I have read many threads here on how to interpret coefficients in a regression where the predictor and the dependent variable are log-transformed. Most give an answer for a one or ten percent change. However, I am not sure whether I am right about interpreting other changes.
I have a beta coefficient of $-0.5057$. Given the standard interpretation (as elasticity), a one percent increase in the predictor variable ($X$) leads to an decrease of $0.5057$ percent in the dependent variable ($Y$). Alternatively a ten percent increase in $X$ leads to a $5.057$ percent decrease in $Y$.
I found the formulas $1.1^{-0.5057}$ and $\exp(-0.5057(\log(1.1)))$ to calculate the affect of any change in $X$ on $Y$. Are these formulas right because I get for a ten percent increase slightly different results than the $5.057$ decrease.

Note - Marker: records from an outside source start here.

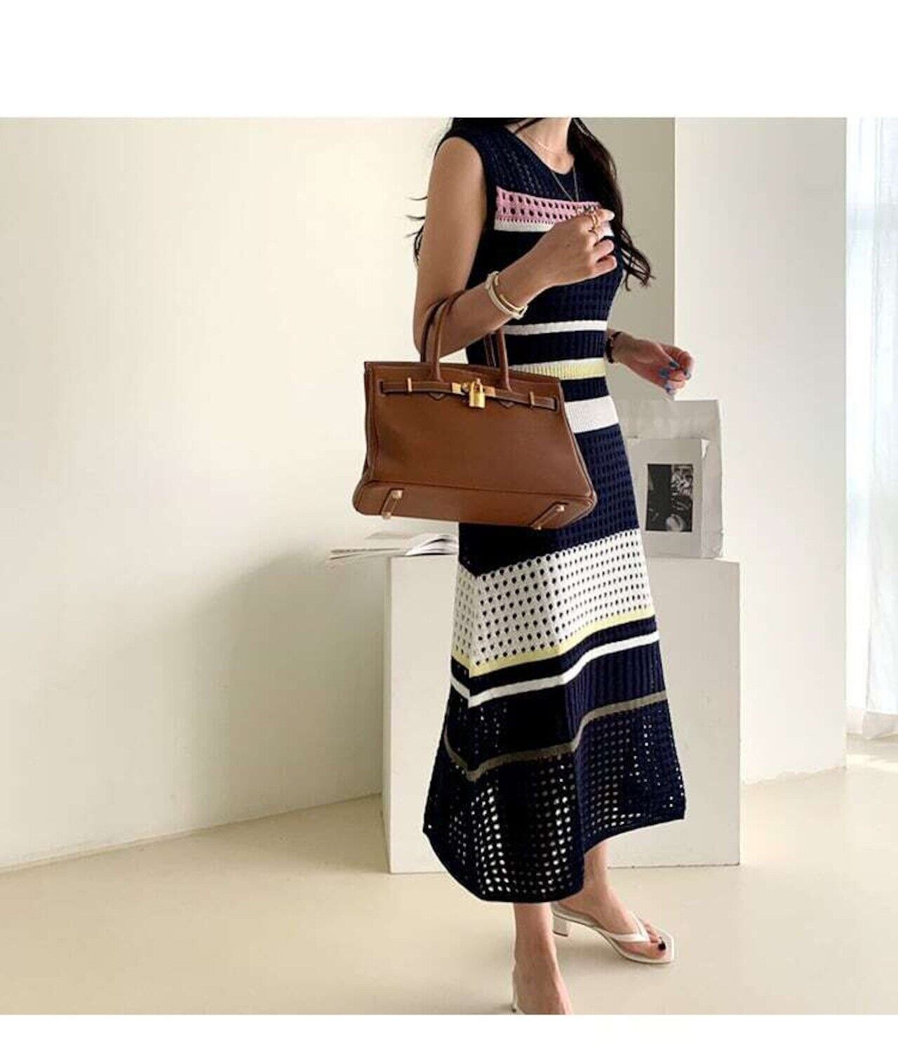2set ニットワンピース キャミワンピース デート 清楚 ボーダー E081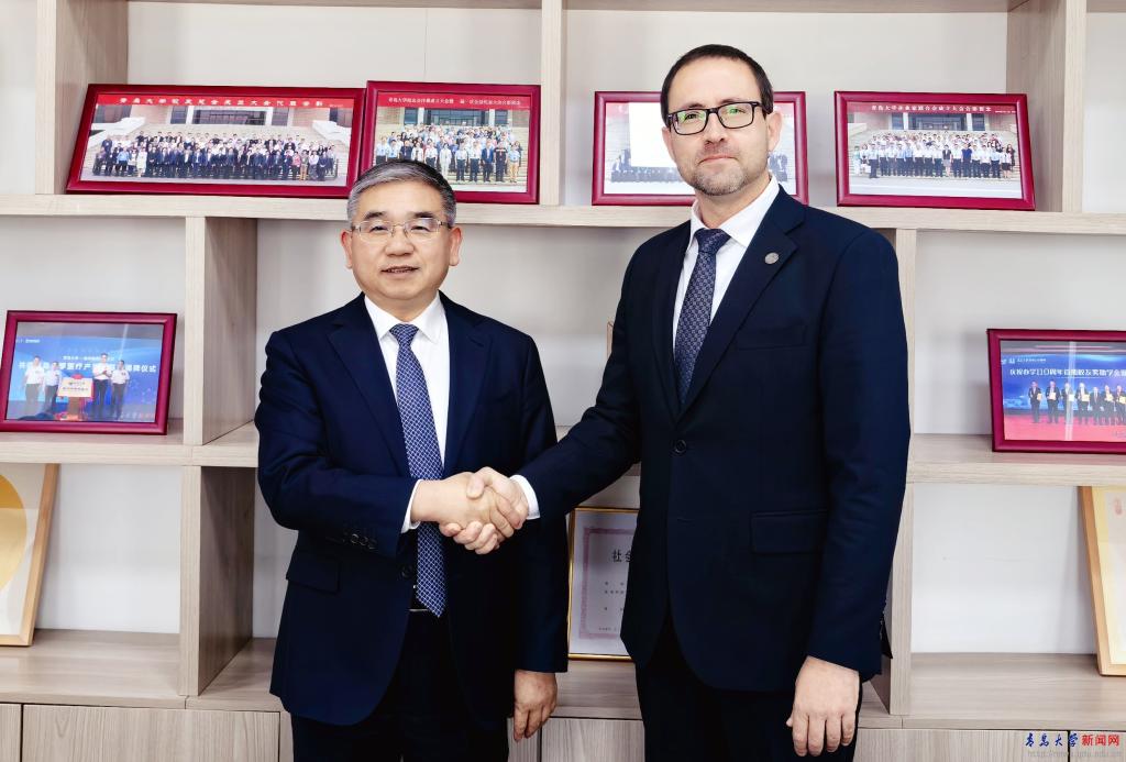 胡金焱对何塞·蒙塞拉特一行来访表示欢迎,他简要介绍了学校发展基本情况,他表示,学校重视开放办学,一直以来,围绕人才培养国际化、师资队伍国际化、科学研究国际化和校园环境国际化,深化对外交流合作,其中中外合作办学是现阶段国际化工作的侧重点之一。两校在学校规模、学科设置等方面具有较高相似性,同时,青岛和瓦伦西亚同为丝绸之路的重要节点城市,这将成为两校坚实的合作基础。他希望接下来双方紧密配合,加强合作,尽快推动合作成果落地。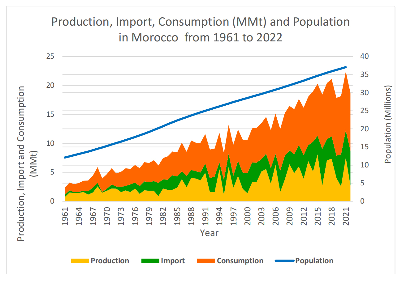 Wheat production and population in Morocco have increased from 0.72 million tons and 12.1 million people in 1961 to 7.5 million tons and 37 million people in 2021 (Figure 1). Similarly, wheat consumption has been increasing steadily, especially during the past 20 years, because of a growing population, changing food preferences and growing urbanization. Morocco imports more than 60% of its wheat needs on an annual basis. On average, Morocco imports 3 million tons per year to satisfy the demand for national food security. In 2022, however, Morocco imported more than 6 million tons of wheat due to the very low national wheat production associated with extreme drought during the season [3].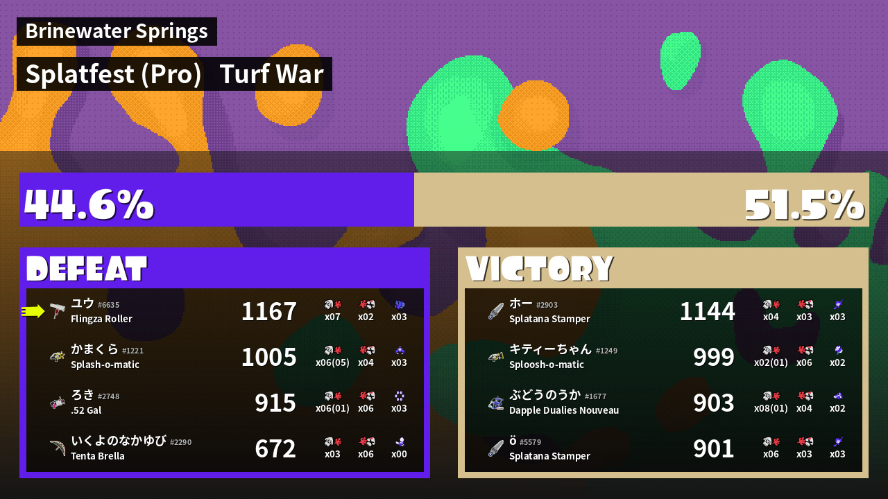 | Mode | Turf War - Splatfest (Pro) | ||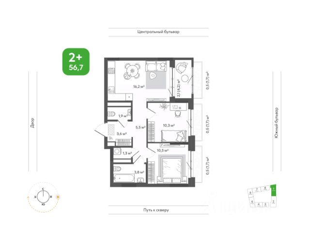 Квартира, в которой хочется жить, творить и отдыхать Просторная кухня-гостиная позволит удобно готовить, принимать гостей или отдыхать после долгого дня Отдельная спальня с выходом на лоджию и зоной для хранения — уголок комфорта и уединения. Санузел — просторный и функциональный. Достаточно места для всей необходимой сантехники, а грамотная планировка делает пространство удобным Прихожая, плавно переходящая в холл, с вместительной зоной для системы хранения поможет поддерживать порядок, обеспечивая места для множества нужных вещей.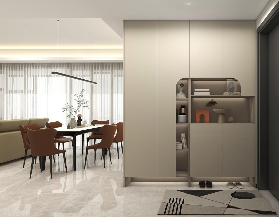 作為第一道風(fēng)景線,玄關(guān)處預(yù)留出足夠的空間,整體更顯寬闊。墻柜解決入戶收納問題,曲線圍合增強(qiáng)設(shè)計(jì)感,彰顯居主個(gè)性與審美。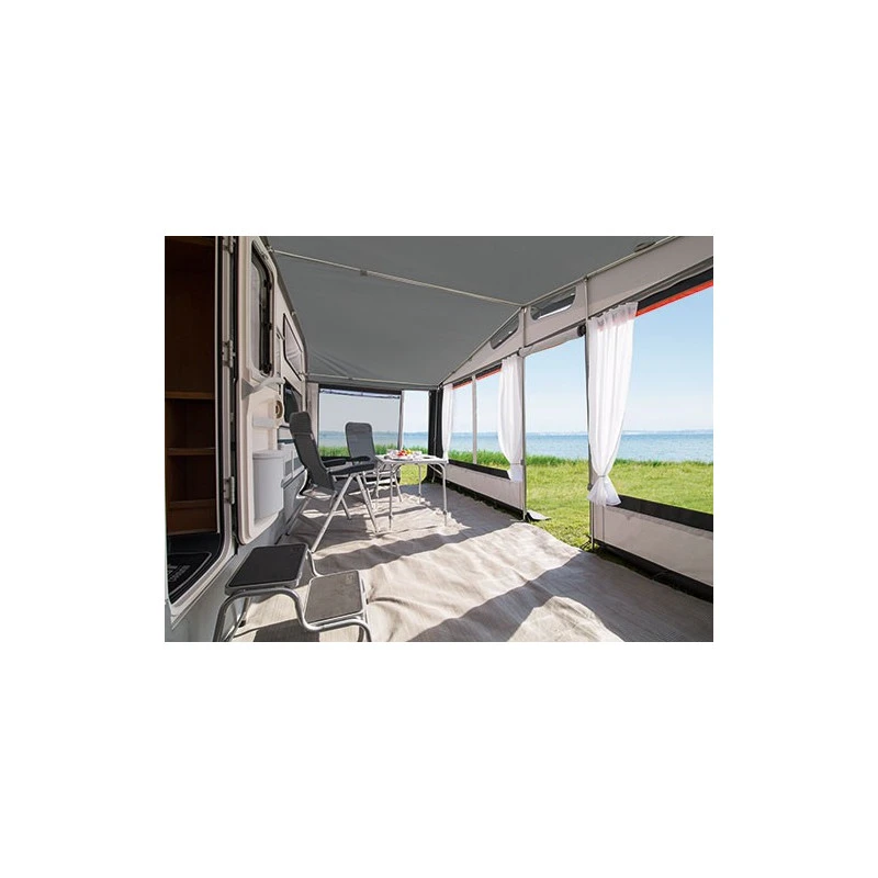 Cet auvent proposé dans les tons gris et blanc est destiné à un usage intensif peu importe la saison. Réalisé en toile polyester de haute qualité plastifiée sur les 2 côtés, cette toile est résistante au vent et au soleil. Les aérations peuvent être refermées et les rideaux peuvent être tirées au niveau des fenêtres pour préserver une certaine intimité lorsque vous vous trouvez sous votre auvent.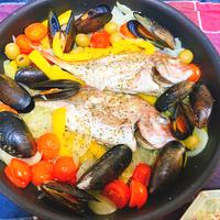 魚介の旨味とニンニクの香りが食欲をそそる本格イタリアン。黒鯛やタラ、シーフードミックスなど好みの魚介を選べ、ローズマリーやパプリカ、きのこ類を加えると彩り豊かに。簡単な調理で素材の旨味が凝縮された一品に仕上がります。蓋をして蒸し焼きにすることで魚がふっくら柔らかく、野菜からも出汁が溶け出してスープまで美味しくいただけます。おしゃれな見た目でおもてなしにもぴったりです。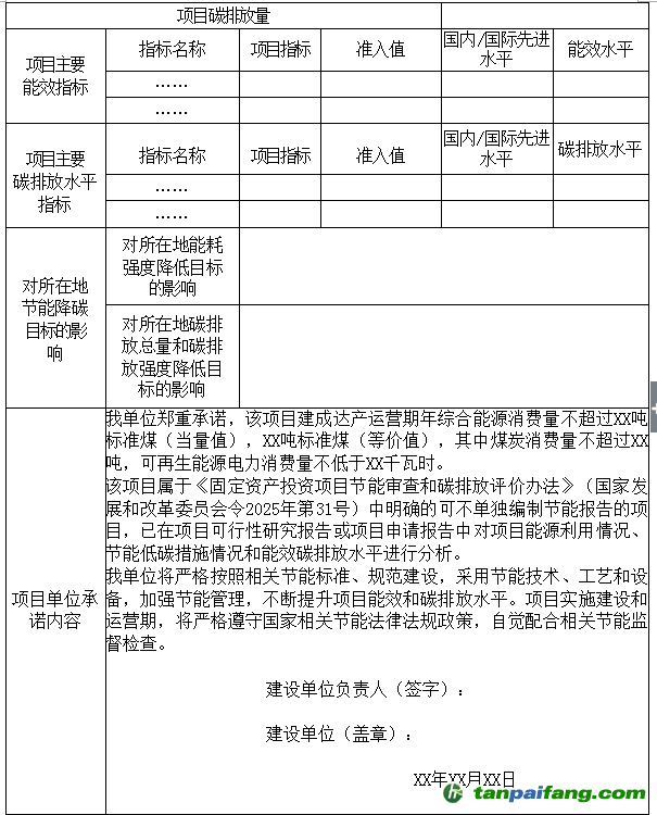 第二十條 固定資產(chǎn)投資項(xiàng)目節(jié)能審查應(yīng)納入甘肅省投資項(xiàng)目在線審批監(jiān)管平臺(tái)統(tǒng)一管理,實(shí)行網(wǎng)上受理、辦理、監(jiān)管和服務(wù),實(shí)現(xiàn)審查過程和結(jié)果的可查詢、可監(jiān)督。不單獨(dú)進(jìn)行節(jié)能審查的固定資產(chǎn)投資項(xiàng)目應(yīng)當(dāng)通過在線審批監(jiān)管平臺(tái)報(bào)送項(xiàng)目能源消費(fèi)和碳排放情況摘要表(見附件1)。 本文+內(nèi)-容-來-自;中^國(guó)_碳+排.放_(tái)交^易=網(wǎng) t a n pa ifa ng .c om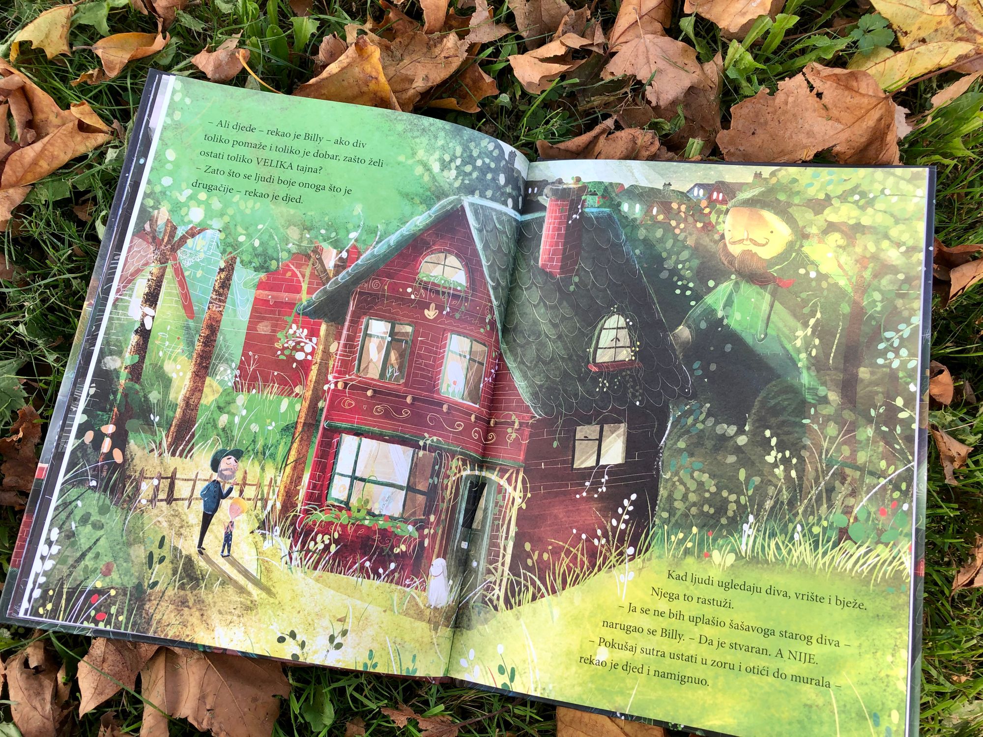 Djedov tajni div im je postao drag već nakon prvog čitanja, tako da smo ga tih dana čitali nekoliko puta dnevno. S vremenom su došle neke nove slikovnice pa se čitanje prorijedilo, a moram priznati da su ga u zadnje vrijeme potpuno zaboravili. Zato sam jučer bila neopisivo sretna i iznenađena vidjevši na stranici nakladnika poznatu naslovnicu s hrvatskim naslovom. Zasluge što možemo uživati u ovoj divnoj priči svakako pripadaju i Aleksandri Barlović, koja je, kao i prethodne dvije, prevela i ovu Litchfieldovu slikovnicu.

Furthermore, is it right that the percentage values for the changes in $Y$ do not increase proportionally with increases in $X$? If a one percent increase in $X$ leads to an decrease of $0.5057$ percent in $Y$, it is wrong to assume that a $50$ percent increase in $X$ leads to a $(50 \times 0.5057)$ decrease in $Y$?
$\exp(-0.5057(\log(1.5)))= 0.8146$. Given the difference between $1$ and this value, it suggests that $Y$ decreases by $18.5$ percent. Am I right?
The formulas mentioned above suggest so. Is that because of the nonlinearity in the model?